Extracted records

_ _ _ _

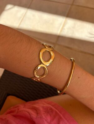 El brazalete Olaya combina eslabones ovalados en acabado dorado con un diseño contemporáneo y chic.
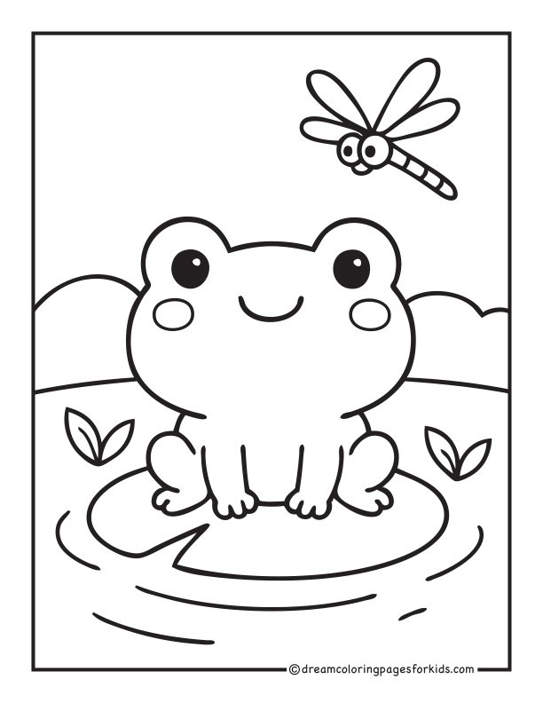 A happy kawaii frog sitting on a lily pad with a friendly dragonfly above. Simple thick outlines, minimal background, and clean vector style make it an easy and fun coloring page for kids.
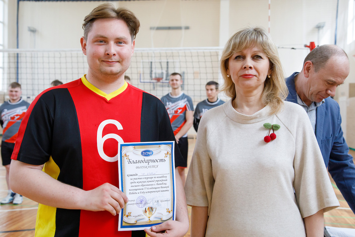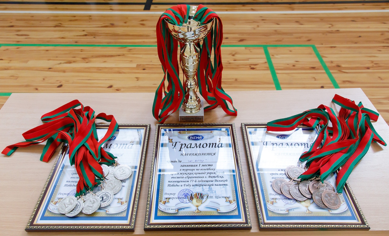 С 11 по 13 мая 2022 года в большом спортивном зале ВГМУ впервые прошел турнир по волейболу среди мужских команд учреждений высшего образования г. Витебска, посвященный 77-й годовщине Великой Победы и Году исторической памяти.
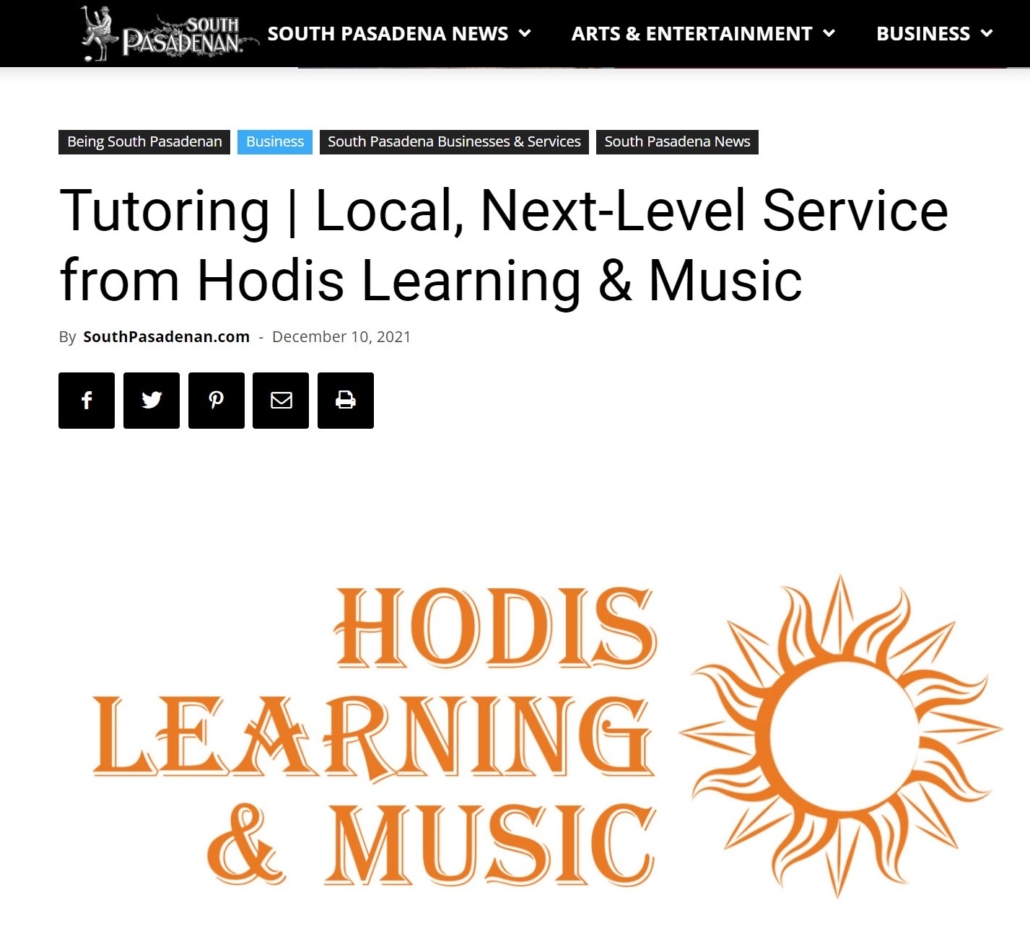 Check out this amazing feature on Hodis Learning & Music and our founder, Drew M. Hodis. We are incredibly grateful for the South Pasadenan’s review of our beginnings and tutoring, music, and art services!
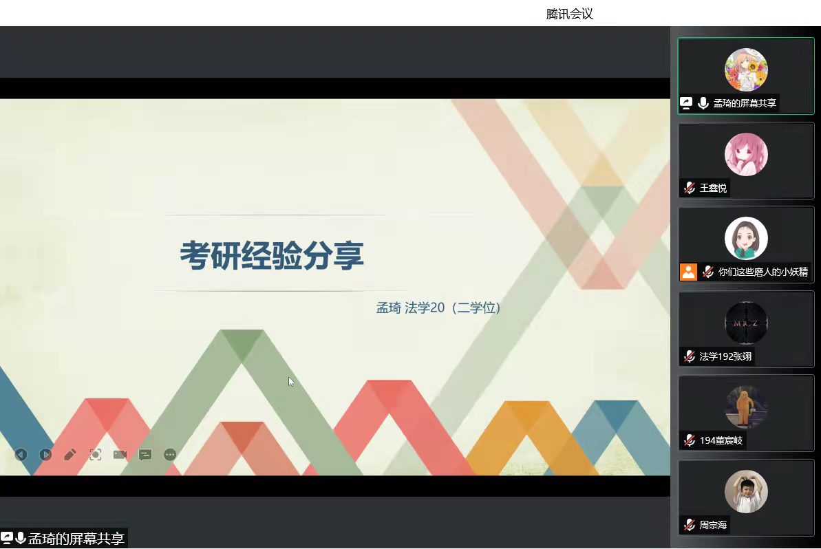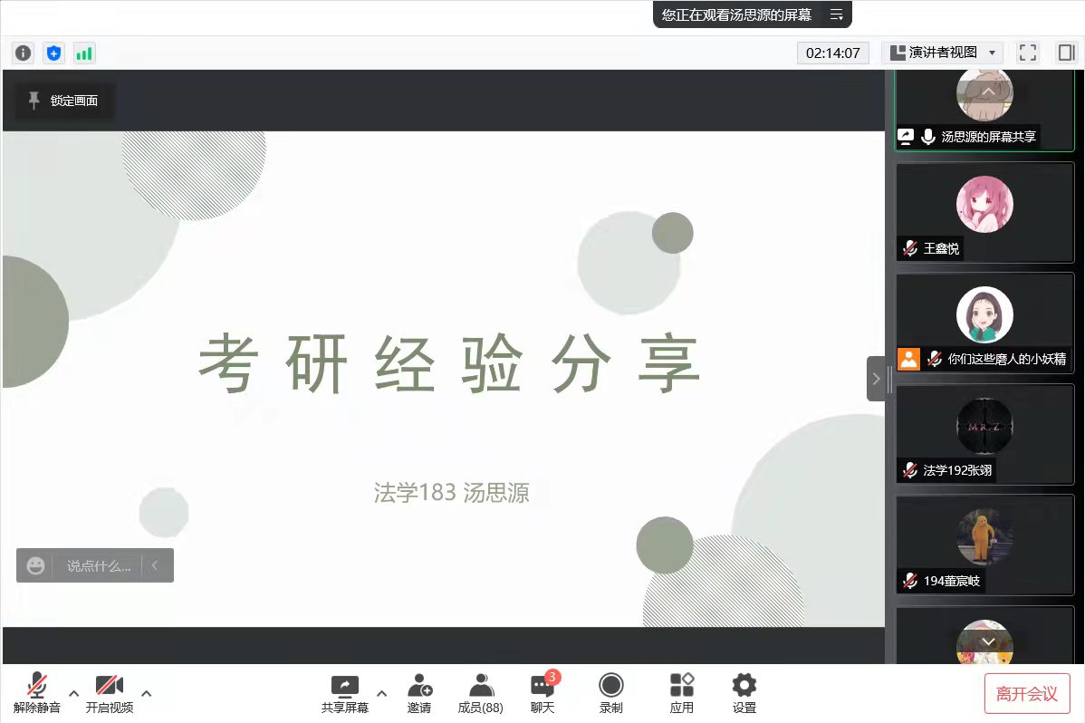 在2018級考研上岸學生經驗分享環節,孟琦、湯思源和林廷霄分別介紹了各自備考的經驗。他們從考研流程、考研心態、學習規劃、學習方法、復試經歷和資料推薦等方面進行細致講解,并耐心解答了同學們的問題,鼓勵同學們找到自己的復習模式,找方法補短板,合理分配好復習時間,做好復習規劃。
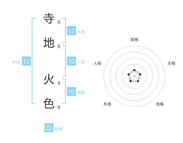 寺地 火色さんを姓名の画数から五運を鑑定
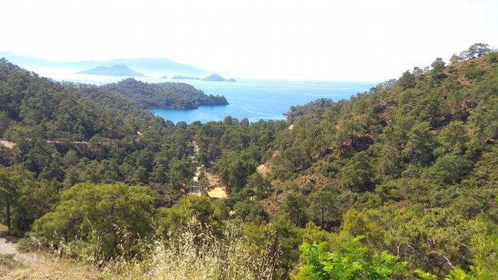 Следующим национальным заповедником на нашем пути была сказочная Голубая лагуна в городе Олюдениз. Летний сезон здесь открыт уже 1 мая. Морская вода переливается оттенками аквамарина и бирюзы, а пляж, по версии туристических журналов, считается одним из лучших в мире. Это мировой центр любителей параглайдинга. Все небо над лагуной разукрашено яркими куполами парящих парапланов.
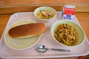キャロットパン、なすとひきにくのスパゲティ、フレンチサラダ、牛乳(ぬくもりランチ)
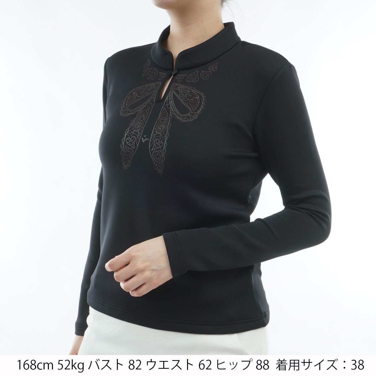 ビバハート VIVA HEART トロンプルイユ ボウタイ風モックネックプルオーバー 42 ブラック 019 レディス
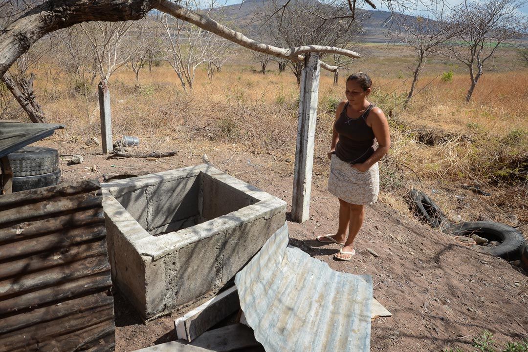 Karla Vargas observa el pozo de su casa que desde hace 7 meses no tiene agua. Carlos Herrera | Confidencial

_ _ _ _

Description of the task: The copy should hold exactly the lines from the one containing "寺地 火色さんを姓名の画数から五運を鑑定" through the final line of the records above, both ends included, and no picture.

Exercise response:
 寺地 火色さんを姓名の画数から五運を鑑定
 Следующим национальным заповедником на нашем пути была сказочная Голубая лагуна в городе Олюдениз. Летний сезон здесь открыт уже 1 мая. Морская вода переливается оттенками аквамарина и бирюзы, а пляж, по версии туристических журналов, считается одним из лучших в мире. Это мировой центр любителей параглайдинга. Все небо над лагуной разукрашено яркими куполами парящих парапланов.
キャロットパン、なすとひきにくのスパゲティ、フレンチサラダ、牛乳(ぬくもりランチ)
 ビバハート VIVA HEART トロンプルイユ ボウタイ風モックネックプルオーバー 42 ブラック 019 レディス
 Karla Vargas observa el pozo de su casa que desde hace 7 meses no tiene agua. Carlos Herrera | Confidencial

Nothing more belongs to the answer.